Das ist die Ausrichtung, die unsere vierzigtätige Reise hat.
Nur, wenn ich weiß, dass das 1 Prozent genug ist zum Leben, kann ich die 99% getrost rausschmeißen.
Das Sich-Hinwenden zu Gott, auf ihn Schauen, ist das, was die christliche Fastenzeit ausmacht
und auch von anderen Fastenprojekten unterscheidet – so sinnvoll diese aus sein mögen.
Wir beginnen diese 40 Tage gerade nicht damit, dass wir das Vertrauen in unsere eigenen
Selbstheilungskräfte beteuern, nicht damit, dass wir unsere guten Vorsätze benennen. Nein, wir
beginnen die Fastenzeit damit, dass wir uns auf Gott beziehen, den anrufen, der durch die
Heilsgeschichte hindurch seine Treue gezeigt hat und uns Menschen treu bleibt. Damit wird
deutlich: Fastenzeit ist nicht eine Art von religiösem Trainingslager, sondern erneute Ausrichtung auf Gott. Ansonsten würden wir uns doch wieder nur um uns selbst drehen. Ansonsten
könnte jedes Fastenvorhaben ganz schnell zu einem zusätzlichen Punkt auf der To-do-Liste und
damit zu eher zu einer weiteren Belastung werden, statt Ent-Lastung zu schaffen.

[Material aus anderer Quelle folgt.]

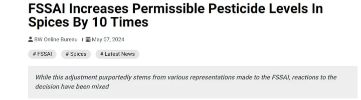 Far from issuing warnings last month, the Modi government(India), increased the permissible pesticide levels by 10 times. The level of pesticide that is allowed to be present in food, was increased 10 times. They are playing with the lives of ~8 billion people. This isn’t about a few spice mixes. This is much more dangerous than it seems.

Leichtes Gepäck. Das wünsche ich uns, wenn wir uns auf den Weg in die 40 Tage Fastenzeit
machen.
Was müssen wir zurück lassen, damit wir frei werden?
Welchen Ballast können wir getrost über Bord werfen?
Welche schlechte Gewohnheit wollen wir loswerden?
Damit wir frei und offen werden für den, der uns festhält und an dem wir festhalten. Amen.